There are multiple examples of adding automation and objectivity to your green measurements.

Take, for example, the CAST Highlight tooling. It will combine a survey with a technical analysis of your application(s), and output a Green Impact Score, estimated CO2 emissions, and possible remediations and recommendations. The survey, of course, introduces some subjectivity and manual work, but the scan is fully automated and cannot be configured.

Using CAST Highlight and the SCI Specification, CAST demonstrates that decarbonizing a single software application can potentially reduce annual CO2 emissions by an estimated 400 kg—a testament to the tangible impact of green software practices.

Alternative tools are available, as well, and more alternatives will show up in the future when the business model of automating green shifts takes off.

Another, even less involved way to measure the environmental impact of software is available to companies hosting software in the Azure cloud.
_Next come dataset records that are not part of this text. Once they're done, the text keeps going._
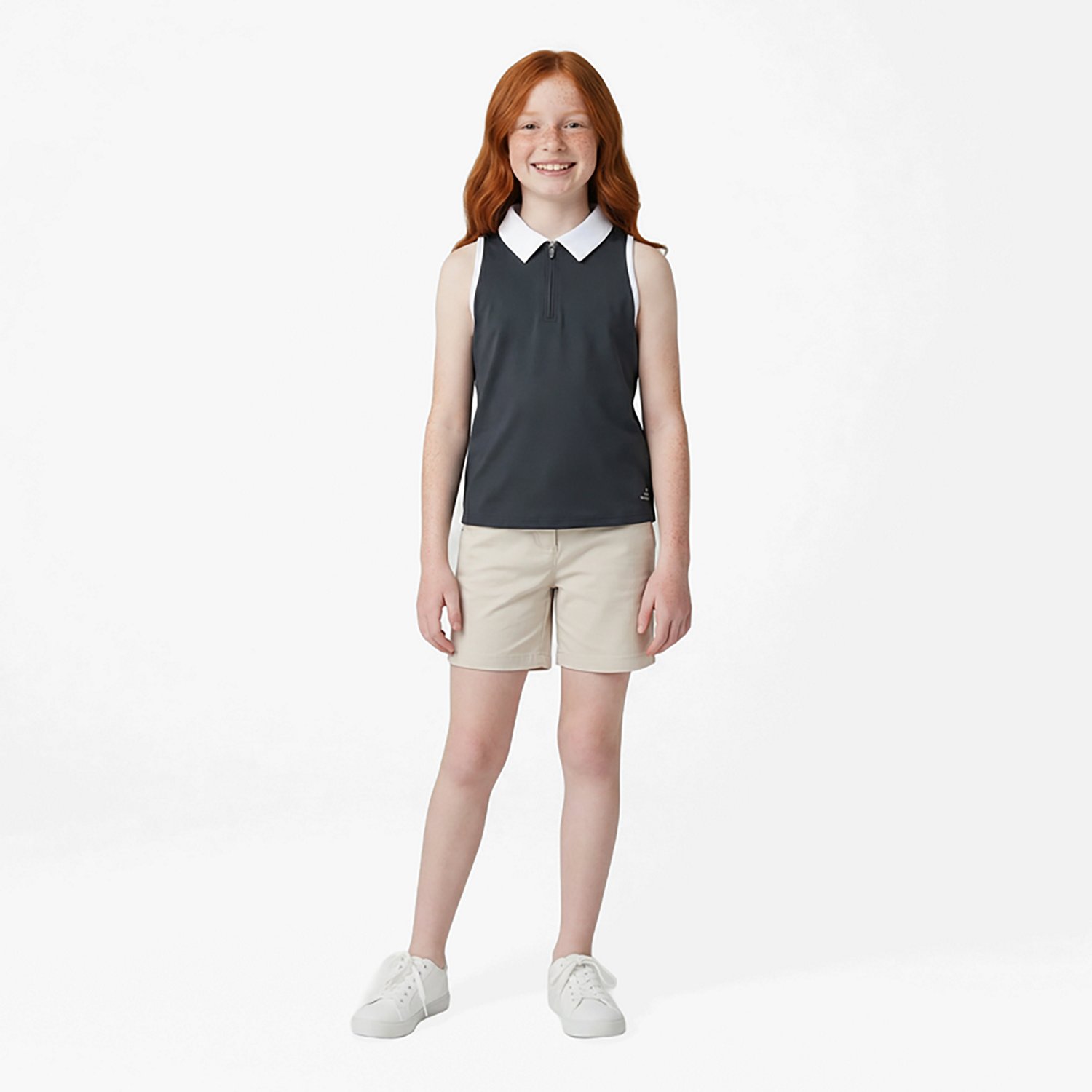 Young players will love donning the BCG Girls' Tennis Swing 1/4 Zip Sleeveless Polo Shirt and heading to the court. This polo is made of 86% recycled polyester and 14% spandex to offer a comfortable feel as you move, and the sleeveless design and performance fit allow great range of motion.
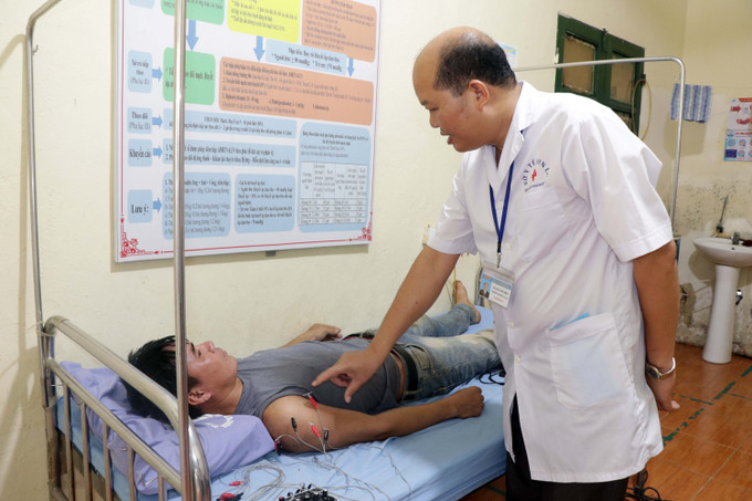 Bác sĩ Bệnh viện Đa khoa huyện Mường La, tỉnh Sơn La, khám bệnh cho bệnh nhân có thẻ bảo hiểm y tế. Ảnh: Hữu Quyết - TTXVN
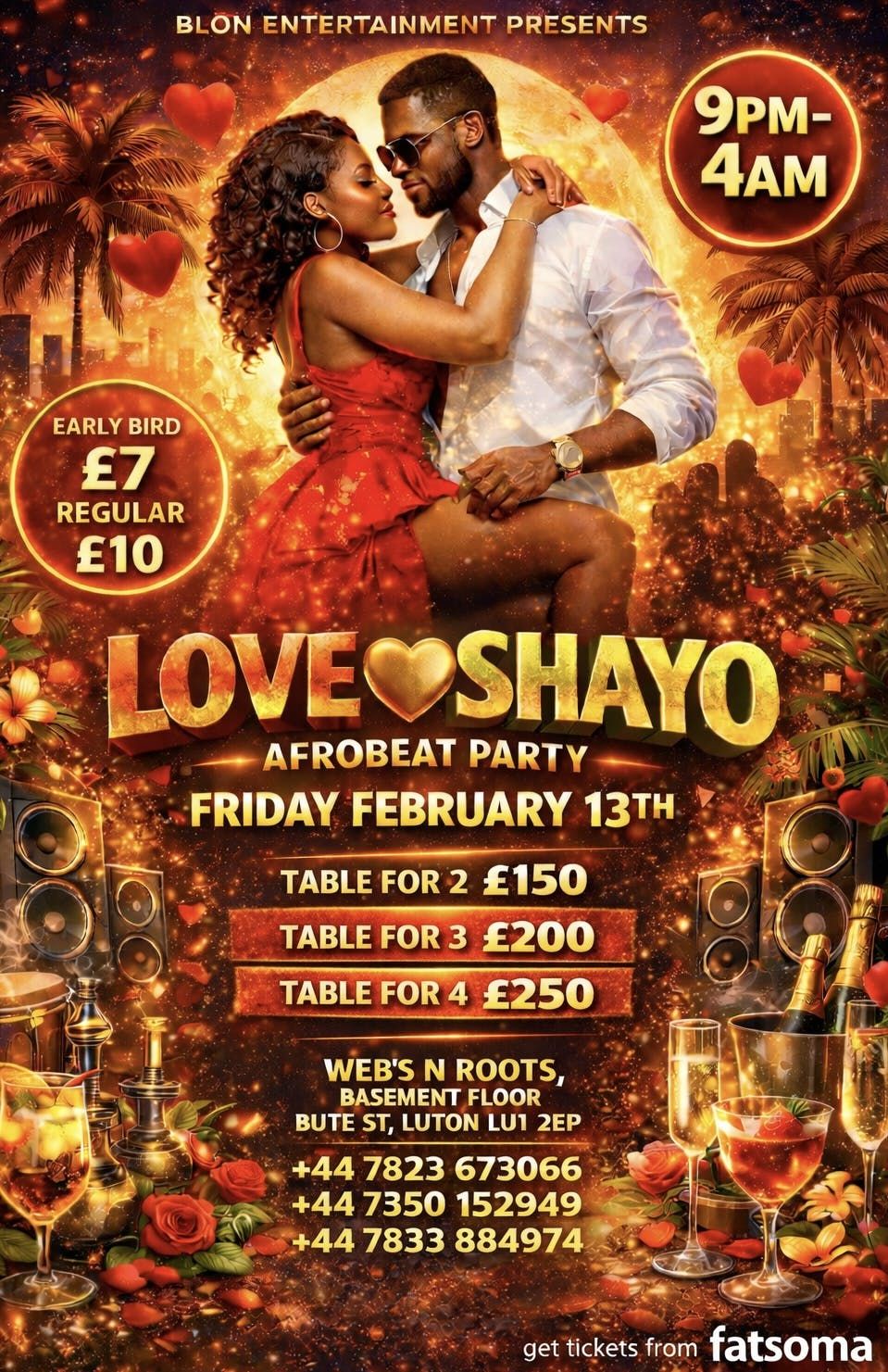Love Shayo š„Friday 13th Feb 2026 | [WEBāS N ROOTS, BASEMENT FLOOR BUTE ST, LUTON LU1 2EP]

The Emissions Impact Dashboard automates the calculations of the emissions of a company’s cloud resources and visualizes them using Power BI. This has the additional benefits of standardization, easy intercompany comparison, and the possibility to calculate how to further reduce emissions based on live data.

Measuring the carbon emissions of software applications and their development cycle is becoming increasingly mainstream. Standardization makes these measurements easier to perform, and more useful, and they can increasingly serve to make attainable green alternatives transparent. Investing in green software analysis and/or a green shift strategy now can potentially be a profitable investment in more ways than one.